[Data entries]
'''

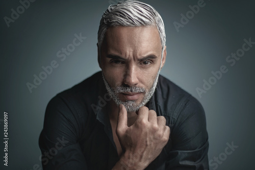Fototapeta premium A man with blond hair and a beard looks into the camera.
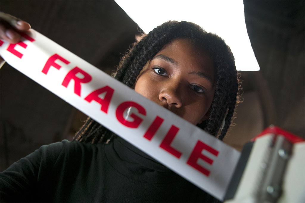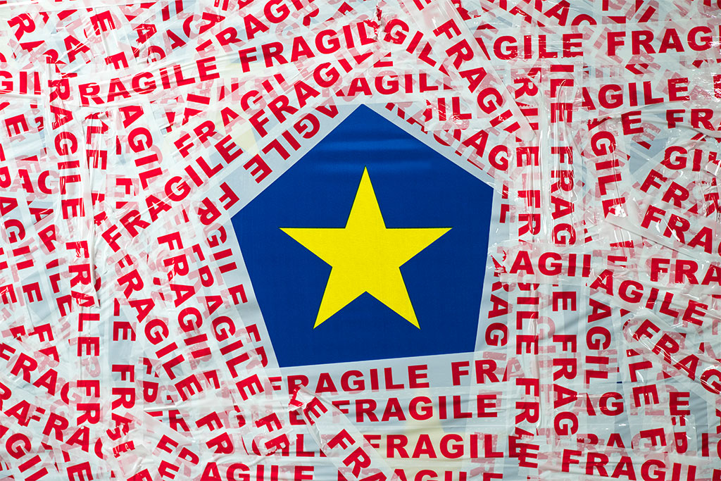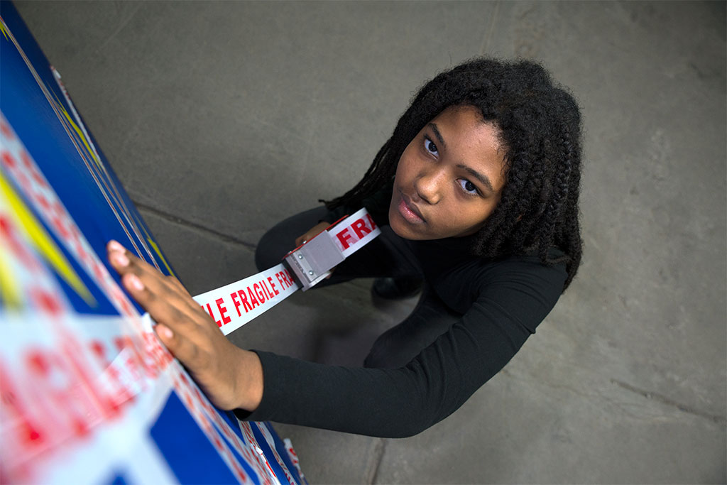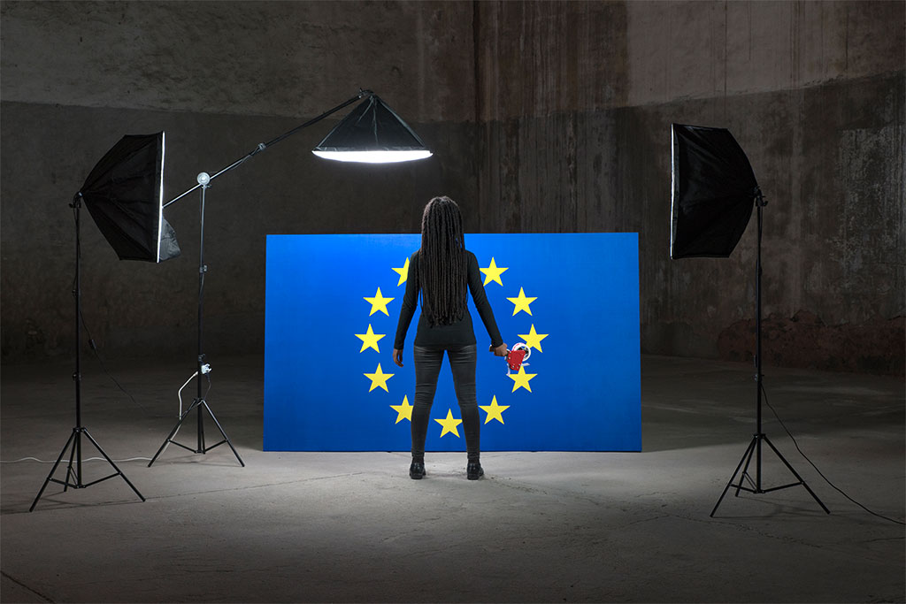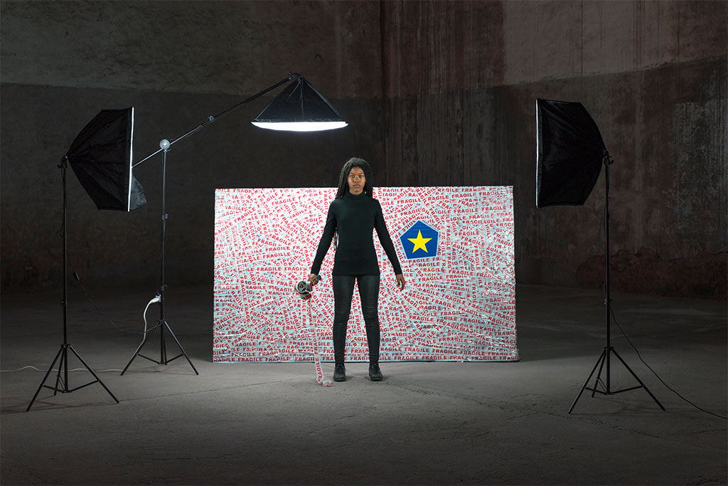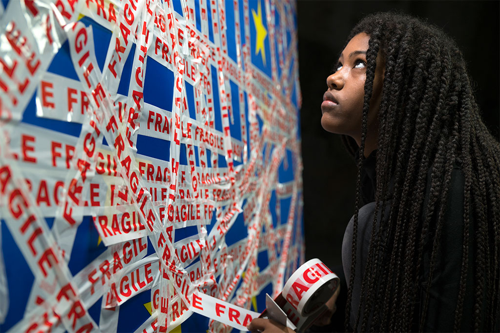Il nastro ‘fragile’, con cui una giovane etiope imballa la bandiera europea, è qui impiegato per tenere assieme e per proteggere gli elementi che costituiscono una comunità talvolta minata nella propria unità e stabilità. L’unica stella che rimane visibile rappresenta l’àncora di salvezza a cui la piccola Sami si è aggrappata per cominciare una nuova vita.
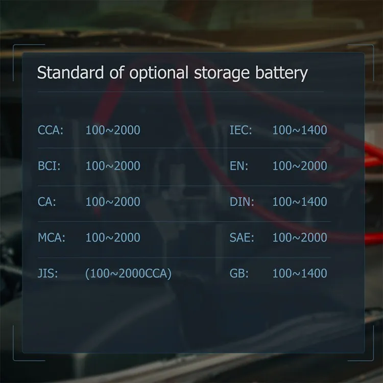 2.Check Battery Capacity - Cold Cranking Amps (CCA), DIN, EN and IEC information relative to battery rating.
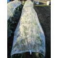 霜が降りるようになったので白菜を藁で縛って不織布も掛けました。
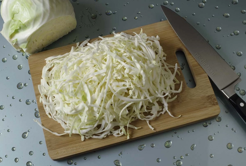 Снимите верхние листья с кочана и нашинкуйте капусту максимально тонко. Такая нарезка — залог будущего хруста.
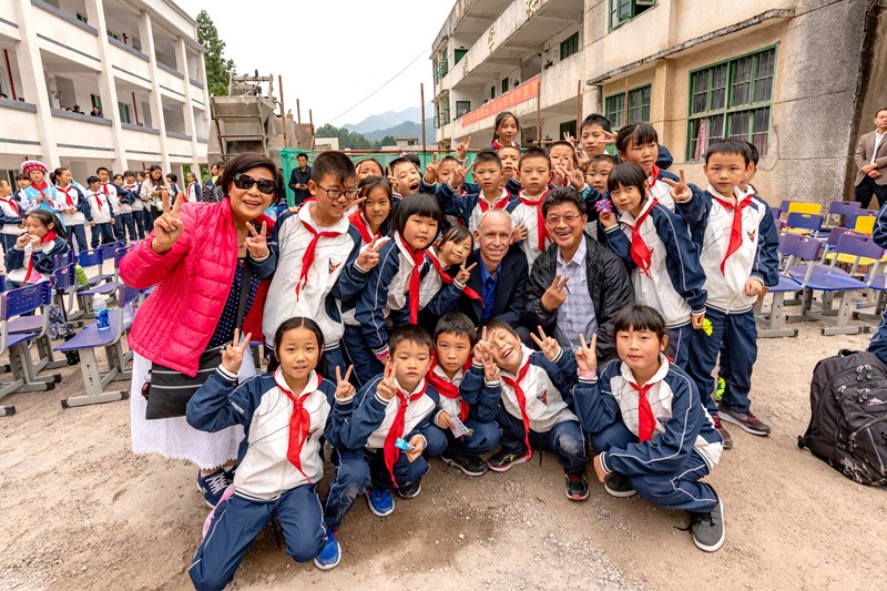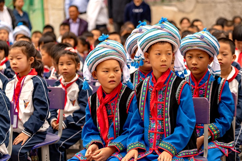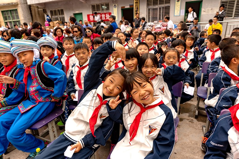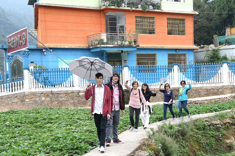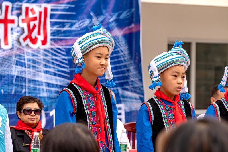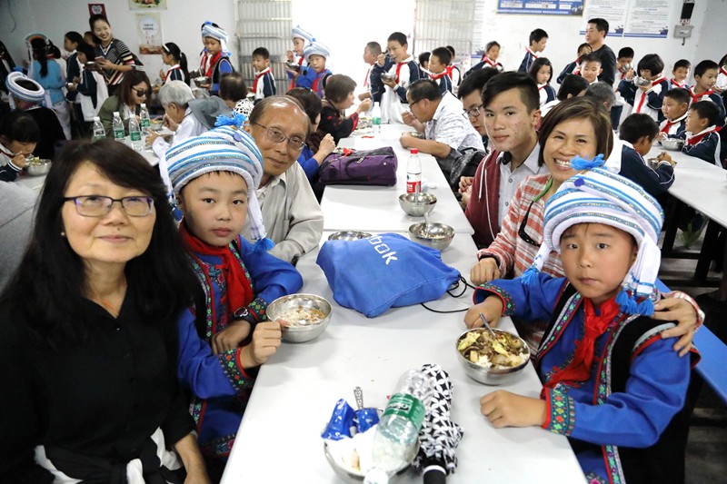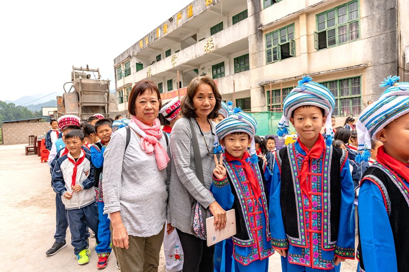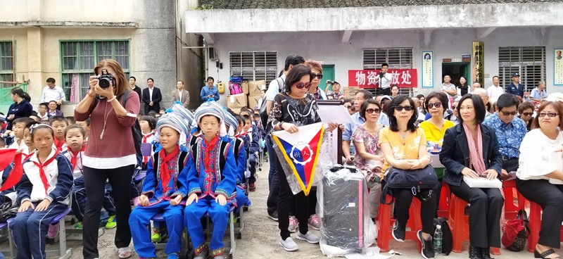 白族鄉樹人小學就在這裡,由於入山道路狹小,大巴士無法上山,地方領導派了八輛小廂車把我們送到學校,盛情難卻.....
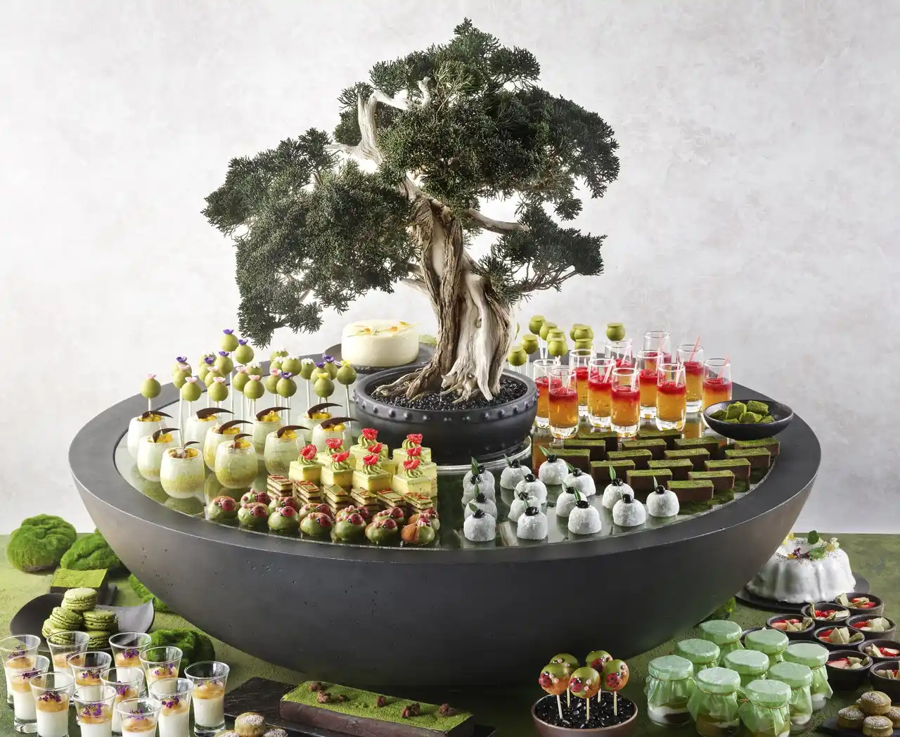 現在開催中の「恋するいちごビュッフェ」でご好評をいただいている、直径約1メートルのシグネチャーボウルが、今回は日本庭園をイメージした装いで登場いたします。ボウル中央でひときわ存在感を放つのは、DRY BONSAI(ドライ盆栽)。一度枯れてしまった盆栽に新たな命を吹き込む再生アートとして、国内外で注目を集めています。グリーンキー認証を取得し、サステナブルな取り組みを大切にするウェスティンホテル横浜の理念とも深く共鳴する存在です。 |
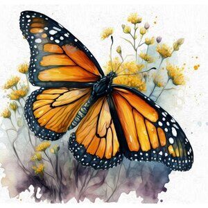 Title: Beautiful Monarch Butterfly Watercolor Oil Painting Art Print

'''

## [WHAT YOU WILL DO]
Your task is to retype the records above in full and exactly, omitting the pictures.

## [REPLY TO THE EXERCISE]
Fototapeta premium A man with blond hair and a beard looks into the camera.
Il nastro ‘fragile’, con cui una giovane etiope imballa la bandiera europea, è qui impiegato per tenere assieme e per proteggere gli elementi che costituiscono una comunità talvolta minata nella propria unità e stabilità. L’unica stella che rimane visibile rappresenta l’àncora di salvezza a cui la piccola Sami si è aggrappata per cominciare una nuova vita.
 2.Check Battery Capacity - Cold Cranking Amps (CCA), DIN, EN and IEC information relative to battery rating.
 霜が降りるようになったので白菜を藁で縛って不織布も掛けました。
 Снимите верхние листья с кочана и нашинкуйте капусту максимально тонко. Такая нарезка — залог будущего хруста.
 白族鄉樹人小學就在這裡,由於入山道路狹小,大巴士無法上山,地方領導派了八輛小廂車把我們送到學校,盛情難卻.....
 現在開催中の「恋するいちごビュッフェ」でご好評をいただいている、直径約1メートルのシグネチャーボウルが、今回は日本庭園をイメージした装いで登場いたします。ボウル中央でひときわ存在感を放つのは、DRY BONSAI(ドライ盆栽)。一度枯れてしまった盆栽に新たな命を吹き込む再生アートとして、国内外で注目を集めています。グリーンキー認証を取得し、サステナブルな取り組みを大切にするウェスティンホテル横浜の理念とも深く共鳴する存在です。 |
 Title: Beautiful Monarch Butterfly Watercolor Oil Painting Art Print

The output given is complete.